If you’ve been working with Angular long enough, you’ve probably met HTTP interceptors. They’re like little bouncers standing at the door of every HTTP request:
Need an auth token? 👉 They’ll attach it.
Want to log everything? 👉 They’ll spam your console.
Craving retries and caching? 👉 They’ll hook you up.
But here’s the catch: not all requests need retries or caching.
🔑 A login request should never retry automatically (unless you really want to lock yourself out after 3 failed attempts).
📊 An analytics API probably doesn’t need caching (who cares how many clicks you had yesterday?).
🛒 A product catalog API? That’s a perfect candidate for retries and caching — because your users expect snappy results when browsing products.
This is where conditional interceptors shine. Instead of blindly applying logic everywhere, we tell Angular:
👉 “Only do this for specific APIs. Don’t waste my time elsewhere.”
🎯 The Goal
Here’s what we’re aiming for:
✅ Apply retry logic only to specific APIs.
✅ Cache results from APIs that benefit from re-use.
✅ Keep the pipeline clean by skipping unnecessary logic.
Sounds good? Let’s code.
💡 Retry Interceptor (Conditional)
Retries are great for flaky networks — but disastrous for sensitive endpoints like login. Let’s apply retries only to our catalog API.
import { HttpInterceptorFn } from '@angular/common/http';
import { retry } from 'rxjs';
export const retryInterceptor: HttpInterceptorFn = (req, next) => {
const shouldRetry = req.url.includes('/api/catalog');
if (shouldRetry) {
return next(req).pipe(
retry(3) // 🔄 retry failed requests up to 3 times
);
}
return next(req); // 🚫 no retry for other endpoints
};
👉 Here we only retry /api/catalog requests. Login, auth, and other APIs are left untouched (your account is safe 🎉).
💡 Simple Caching Interceptor (Conditional)
Nobody likes waiting for the same data twice. Let’s add a simple in-memory cache, again only for /api/catalog.
import { HttpInterceptorFn } from '@angular/common/http';
import { of, tap } from 'rxjs';
const cache = new Map<string, any>();
export const cachingInterceptor: HttpInterceptorFn = (req, next) => {
const isCacheable = req.method === 'GET' && req.url.includes('/api/catalog');
if (isCacheable) {
const cachedResponse = cache.get(req.url);
if (cachedResponse) {
console.log('📦 Returning cached response for', req.url);
return of(cachedResponse); // ✅ serve from cache
}
return next(req).pipe(
tap((event) => {
cache.set(req.url, event); // 💾 store in cache
})
);
}
return next(req); // 🚫 no caching for other requests
};
👉 This way, repeated GET /api/catalog/... requests are blazing fast. Other endpoints? Business as usual.

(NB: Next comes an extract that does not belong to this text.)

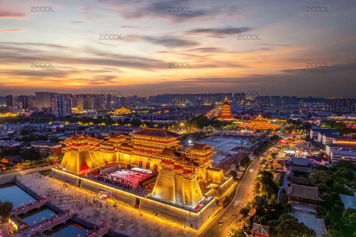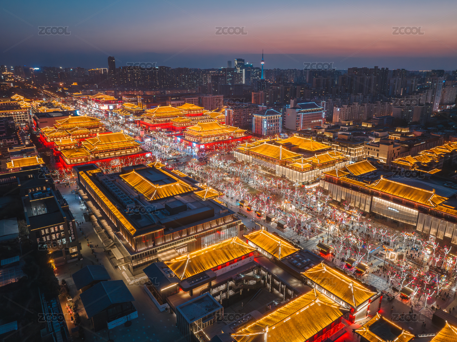 中国,陕西,西安,大雁塔,鸟瞰,航拍,夜景,景区,风景

⚙️ Conditional Composition
Now let’s combine caching + retry into a single conditional interceptor.
import { HttpInterceptorFn } from '@angular/common/http';
import { cachingInterceptor } from './caching.interceptor';
import { retryInterceptor } from './retry.interceptor';
export const conditionalApiInterceptor: HttpInterceptorFn = (req, next) => {
const isCatalogApi = req.url.includes('/api/catalog');
if (isCatalogApi) {
// 🌀 Compose caching + retry
return cachingInterceptor(req, (cachedReq) =>
retryInterceptor(cachedReq, next)
);
}
// 🚫 Fallback: no special logic
return next(req);
};
👉 Magic!
Catalog requests get both caching & retry.
Other requests cruise straight through untouched.

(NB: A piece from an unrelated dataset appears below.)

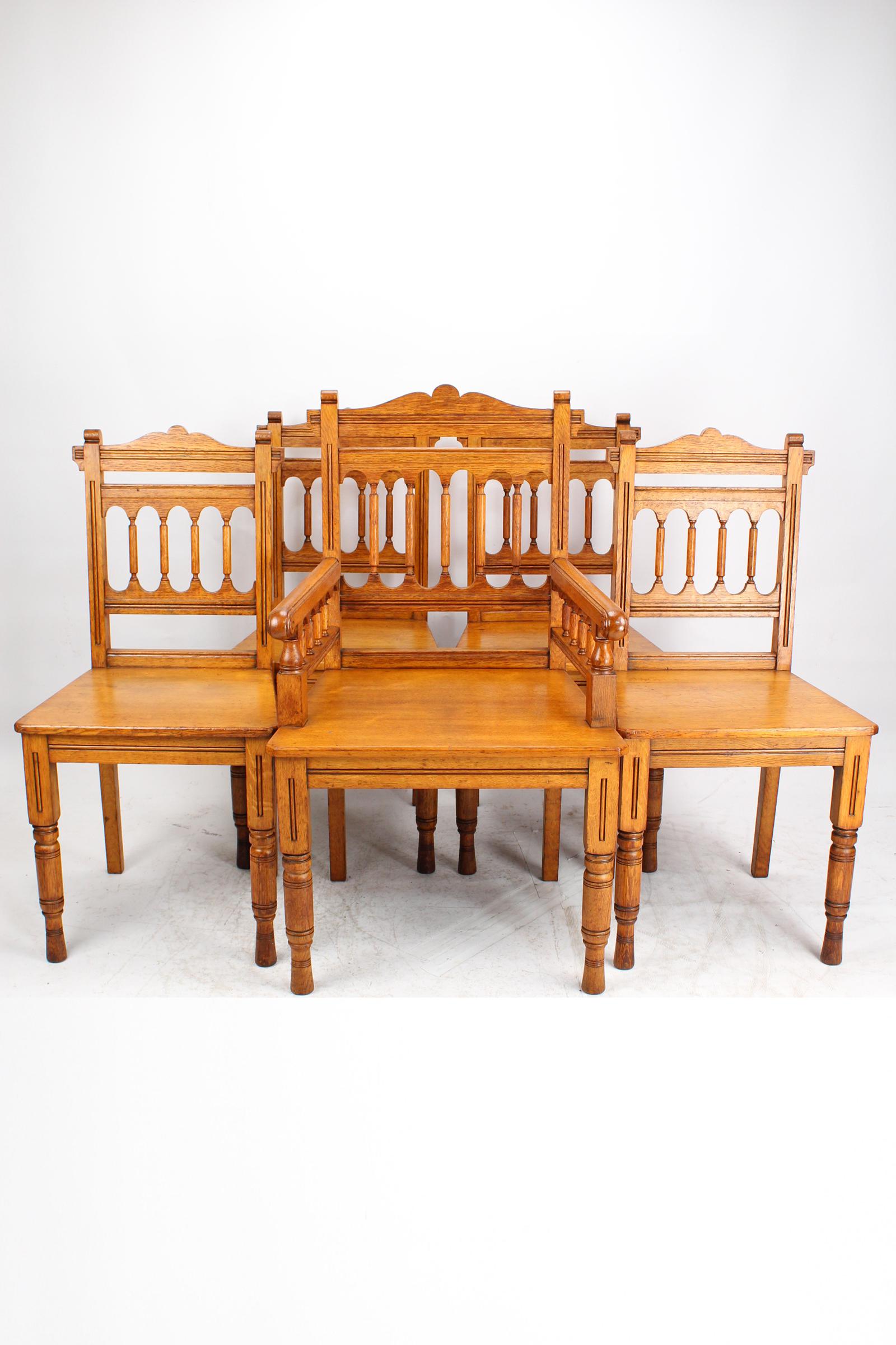 Set of 5 Victorian Gothic Revival Oak Chairs

🔌 Registering the Interceptors
Finally, let’s wire everything up in Angular 20.
import { bootstrapApplication } from '@angular/platform-browser';
import { provideHttpClient, withInterceptors } from '@angular/common/http';
import { AppComponent } from './app/app.component';
import { conditionalApiInterceptor } from './app/interceptors/conditional-api.interceptor';
bootstrapApplication(AppComponent, {
providers: [
provideHttpClient(
withInterceptors([conditionalApiInterceptor])
),
],
});
That’s it. Your app now has context-aware retries and caching. 🎉
🚀 Benefits
Granular control – retries/caching only where they’re safe.
Performance boost – no more wasted network calls.
Cleaner code – no bloated if statements everywhere.
🔮 Real-World Use Cases
✅ Retry catalog/product listing APIs but never login requests.
✅ Cache user profile data for smoother navigation.
✅ Apply special logic only in production (keep dev logs noisy).
📝 Takeaway
Conditional interceptors in Angular 20 make your HTTP pipeline smart, fast, and drama-free. Instead of spamming all requests with retries or caching, you only enhance the ones that truly matter.
This pattern keeps your code clean, reliable, and ready to scale.
⚡ Bonus: You can even pair this with feature flags to toggle retries/caching at runtime — no redeploys needed.